‘Now,’ Kaitar added.
Sevekai’s skin tingled and he thought he detected a slight resonance to the warrior’s voice.
Hreth and Latharek sat down as ordered, as if pole-axed and struck dumb.
‘That’s better,’ said Kaitar. ‘Is that any way to behave when we have guests?’ He turned to Sevekai, who couldn’t stop his flesh crawling nor the itch behind his teeth. ‘You were right.’
‘About what?’ Sevekai asked.
Kaitar pointed to the tip of a craggy rise.
‘She did come.’
Drutheira had arrived with Ashniel and Malchior.
Sevekai gave Kaitar one last look before greeting the witch.

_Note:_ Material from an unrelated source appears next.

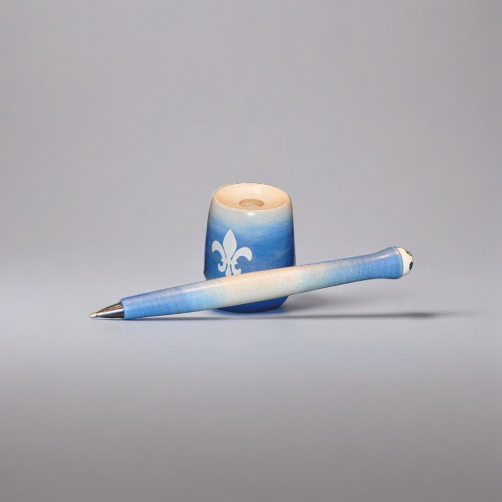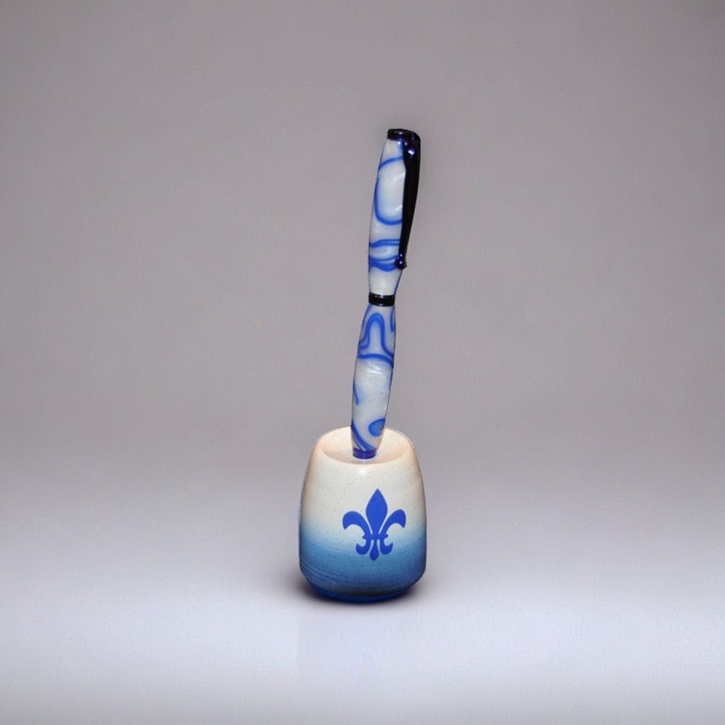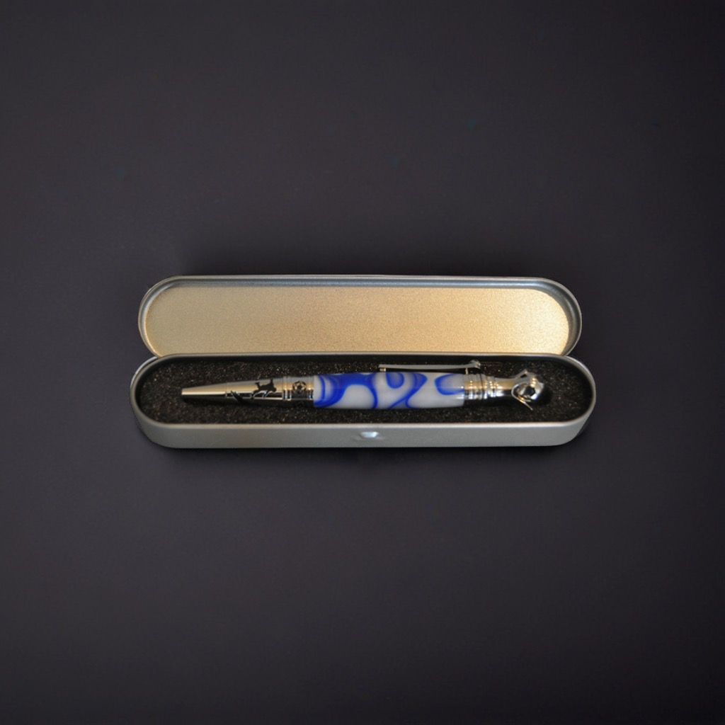 sehr hochwertiger schwerer Drehkugelschreiber Acryl Blau Weiß

‘Enter, stranger…’ He gave a mock bow, masking his discomfort with absurd theatrics.
Drutheira did not appear to be impressed.
‘We do not have much time,’ she hissed, glancing at the brooding sky overhead. Now he saw them up close, Sevekai thought the coven looked more ragged than his own tattered followers.
‘You’ve been prettier, my dear,’ he said, betraying a mote of concern at Drutheira’s appearance.
‘Like a cold one sniffing blood,’ she spat, seeming not to hear the gibe. Her fingers were thin, almost like bone, and her sunken cheeks reminded Sevekai of a cadaver that had yet to realise it was dead. ‘It has taken all of my power to stay hidden.’
The two at her side bristled at this.
Her power?
Sevekai could almost hear their thoughts, slipping porously through their hateful eyes.
‘The elf woman? I thought we had eluded her years ago.’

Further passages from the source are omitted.